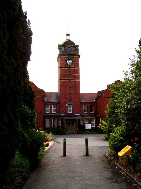 Wordsley Hospital Clock Tower This photo was taken before the hospital was closed. The tower still stands but much of the hospital has been knocked down and a housing estate is being built at the moment.
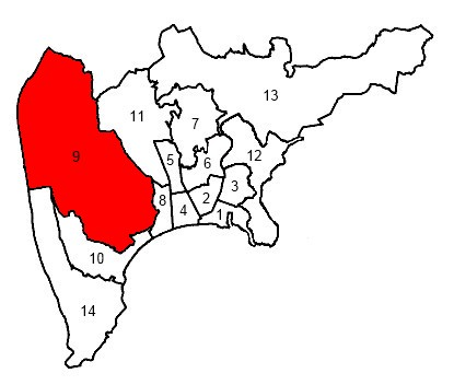 Location of canton of Nice-9 in the city of Nice, Alpes-Maritimes, France.
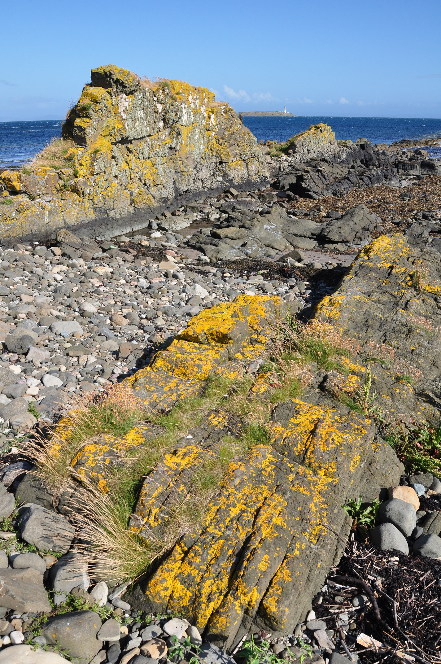 Dykes (vertical intrusions of igneous/magmatic rock, forming parallel rock walls) on the beach of the Isle of Arran, Scotland. In the distance the small island of Pladda, with its lighthouse.
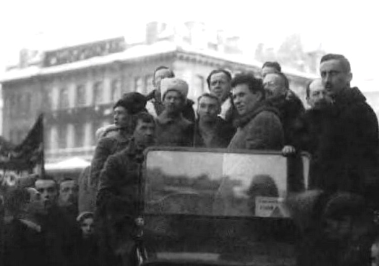 Grigory Zinoviev, Anatoly Lunacharsky, and foreign delegates to the Second Comintern Congress, Petrograd. Zinoviev is in the front passenger seat of the car, flanked by Karl Steinhardt (Austria; middle row, to Zinoviev's left); Fritz Platten (Switzerland; back row, between Steinhardt and Zinoviev); Lunacharky (to Zinoviev's right, face partly obstructed); and Hugo Eberlein (Germany; back row, partly obstructed by Lunacharsky). Also pictured are Otto Grimlund (Sweden; back row, left, face partly obstructed by man in Cossack hat) and Jacques Sadoul (France; to the left of the car, in profile, addressing Zinoviev).
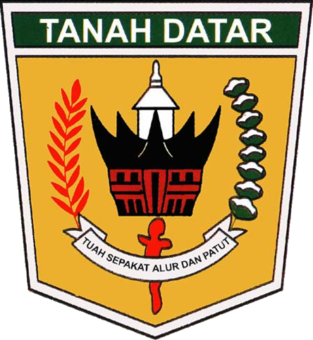 Lambang (Coat of Arms) of Kabupaten (Regency) Tanah Datar, Provinsi Sumatera Barat (West Sumatra Province), Indonesia
##############################
- [WORK INSTRUCTIONS]
Give back exactly the lines from the opening of the listing through the line holding "Location of canton", both ends included, with every picture omitted.

- [RESPONSE]
 Wordsley Hospital Clock Tower This photo was taken before the hospital was closed. The tower still stands but much of the hospital has been knocked down and a housing estate is being built at the moment.
 Location of canton of Nice-9 in the city of Nice, Alpes-Maritimes, France.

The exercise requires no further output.